Jakarta – Indeks Harga Saham Gabungan (IHSG) mengalami tekanan hebat pada perdagangan Rabu (3/6/2026). Indeks utama Bursa Efek Indonesia ini ditutup anjlok 4,11 persen atau merosot 254 poin ke level 5.941,06 akibat sentimen negatif dari pasar domestik maupun global, serta pelemahan nilai tukar rupiah.

Sepanjang sesi perdagangan, IHSG tidak mampu keluar dari zona merah. Indeks sempat menyentuh titik terendah di level 5.841 sebelum akhirnya ditutup di posisi 5.941,06.

Koreksi masif ini terjadi di seluruh sektor saham. Sektor barang baku mencatatkan penurunan paling tajam sebesar 9,05 persen, diikuti oleh sektor energi yang terkoreksi 5,61 persen, serta sektor infrastruktur yang melemah 5,05 persen.

Secara keseluruhan, pasar didominasi oleh sentimen jual. Sebanyak 692 saham terpantau melemah, sementara hanya 69 saham yang berhasil menguat dan 54 saham lainnya stagnan. Total volume transaksi mencapai 39,66 miliar saham dengan nilai perputaran uang sebesar Rp 24,99 triliun.

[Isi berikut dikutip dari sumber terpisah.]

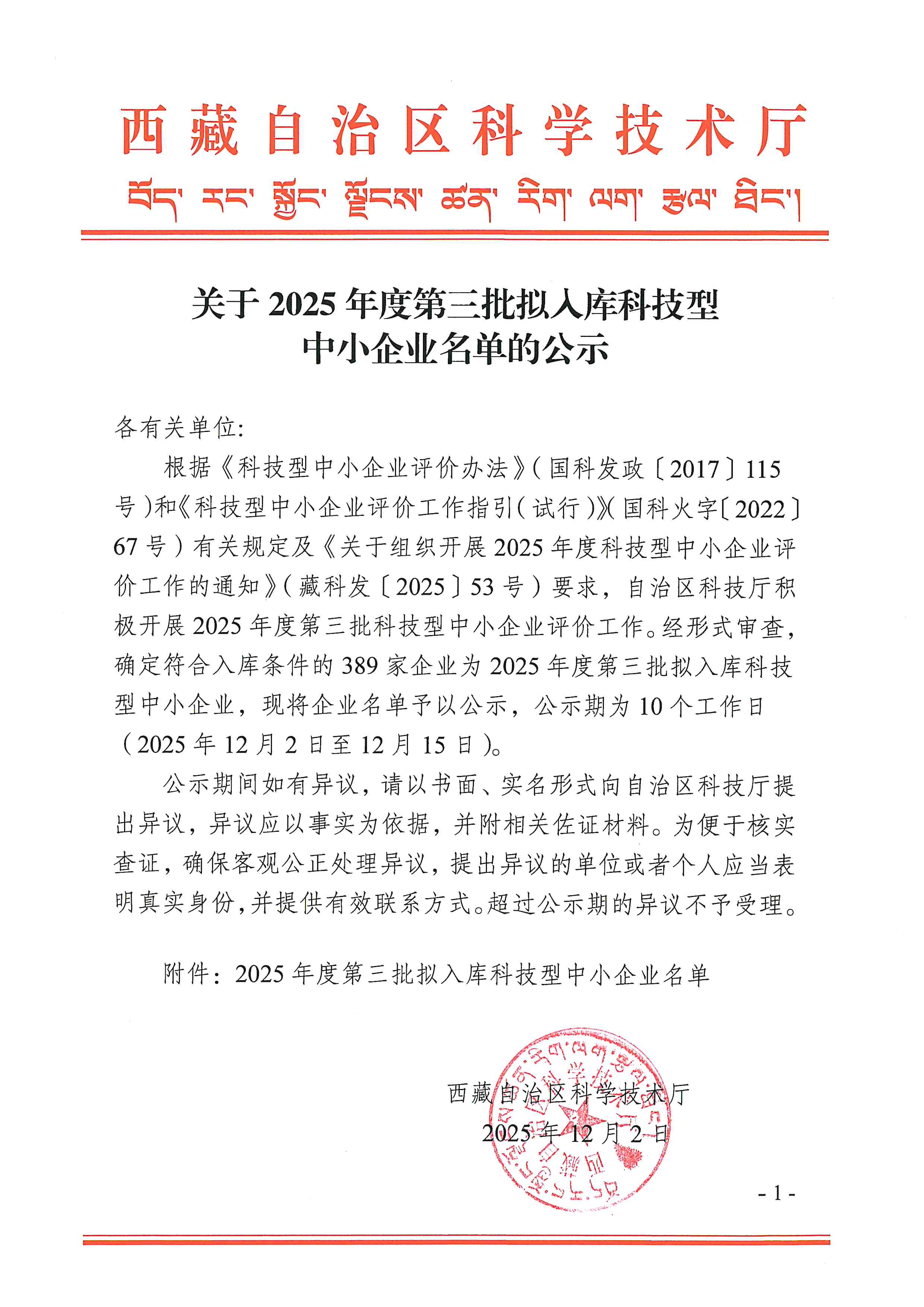 西藏自治区2025年第3批拟入库科技型中小企业名单公示正文.jpg PICTURE

Pelemahan tajam juga menimpa sejumlah saham berkapitalisasi besar yang masuk dalam indeks LQ45. PT Amman Mineral Internasional Tbk (AMMN) memimpin daftar top losers dengan koreksi 14,91 persen ke Rp 3.310 per saham. Disusul oleh PT Merdeka Copper Gold Tbk (MDKA) yang turun 12,12 persen ke Rp 2.320, dan PT Darma Henwa Tbk (DEWA) yang melemah 11,98 persen ke Rp 294 per saham.

Di tengah arus koreksi tersebut, segelintir saham masih mampu bertahan di zona hijau. PT Mitra Adiperkasa Tbk (MAPI) tercatat menguat 0,67 persen ke Rp 1.495 per saham, diikuti oleh PT Indo Tambangraya Megah Tbk (ITMG) yang naik tipis 0,34 persen ke Rp 22.075 per saham.

Anjloknya IHSG pada hari ini dipicu oleh akumulasi tekanan eksternal dan kondisi makroekonomi dalam negeri, terutama terkait volatilitas rupiah serta penyusutan surplus neraca perdagangan yang kekhawatirannya membayangi para pelaku pasar.